BERLIN – "Near remission," which is based on joint counts and acute phase reactants, predicts disease status at 3 years in patients with early inflammatory arthritis as well as the definition of remission that was proposed by the American College of Rheumatology/European League Against Rheumatism in 2011. The ACR/EULAR definition includes patient global assessment of status, according to Dr. Laure Gossec, who presented findings from the ESPOIR trial at the annual European Congress of Rheumatology.
"Near-remission is much more frequent than ACR/EULAR remission in early arthritis. It appears from this analysis that near-remission (not taking into account patient global) predicts radiographic progression over 3 years in early arthritis, as well as ACR/EULAR remission, or as the definition of remission that takes into account patient-reported fatigue. Near-remission may be a valid predictive outcome in early arthritis," said Dr. Gossec, associate professor of rheumatology at Descartes University, Paris, who currently is a visiting scholar at Manchester (England) University Arthritis Epidemiology Unit.
The 2011 ACR/EULAR proposed definition of Boolean remission of early rheumatoid arthritis comprises one or no tender joints; one or no swollen joints; C-reactive protein (CRP) level equal to or less than 1 mg/dL; and a patient global assessment score of no higher than 1 (Ann. Rheum. Dis. 2011;70:404-13). However, last year at the 2011 Annual European Congress of Rheumatology, some authors noted that patient global assessment was often a limiting factor to reach this remission, and proposed near-remission as an alternative outcome (Arthritis Rheum. 2011, ACR Congress, abstract 2459). "The question is would we lose predictive information, by not taking into account the patient’s point of view? And reversely, should we be assessing fatigue; would that add to predictive information?" Dr. Gossec noted in an interview.
Dr. Gossec and her associates undertook the ESPOIR observational study to assess if patient reported outcomes, particularly patient global and fatigue, predict radiologic joint destruction at 3 years, in patients already in near remission as judged by their joint counts and levels of acute phase reactants.
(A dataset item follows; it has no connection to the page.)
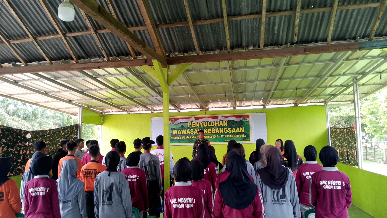 Muba – Di saat pelaksanaan pembangunan infrastruktur desa dalam program TMMD ke-126, Satgas TMMD Kodim 0401/Muba juga melaksanakan kegiatan nonfisik berupa penyuluhan wawasan kebangsaan. Kegiatan ini berlangsung di Makoramil 401-01/Sunghai Lilin, Kecamatan Sungai Lilin, Minggu (19/10/2025), dipimpin oleh Peltu Ujang selaku anggota Satgas TMMD sekligus Batuud KOmramil 401-01/Sungai Lilin.

Specifically, the investigators assessed the predictive value of both the ACR/EULAR proposed definition of remission at 6 and 12 months after diagnosis as well as the definition of "near remission," which included three of the four proposed ACR/EULAR end points but did not include patient global assessment of status, and "fatigue-remission" in which patient’s self-report of fatigue substitutes for the patient global.
Dr. Gossec and her associates followed 776 patients with early arthritis. The patients underwent swollen and tender joint counts and CRP measurements at 6 and 12 months after diagnosis. In addition, they completed a patient global assessment of their status at those times and a fatigue visual analog scale assessment. The outcome was change in the total Sharp-van der Heijde score between baseline and at 3 years.
Of the 776 patients, 57 patients (7.4%) met the proposed ACR/EULAR definition of remission both at 6 and 12 months, whereas 145 patients (18.7%) reached near-remission, and only 24 patients (3.1%) reached fatigue-remission. Agreement between ACR/EULAR remission and the other definitions was moderate: kappa, 0.51 (95% confidence interval, 0.43-0.60) and 0.39 (95% CI, 0.26-0.53), respectively. Prediction of radiographic progression was similar no matter which definition of remission was used.
However, the relation between radiographic progression and remission was strongest for the definition of near remission and the proposed ACR/EULAR remission. In stepwise selection only the variables in near-remission were predictive. Thus, it appears that the strongest drivers of radiographic progression are joint counts and acute phase reactants, and that for patients already in remission for those criteria, patient-reported outcomes add little to the prediction of radiographic progression. Dr. Gossec concluded that "assessing patient-reported outcomes is important to understand the patient’s perspective, but have only some added value to predict radiographic outcomes if objective criteria are already well controlled."
Dr. Gossec reported that she has no conflicts of interest that are relevant to this project.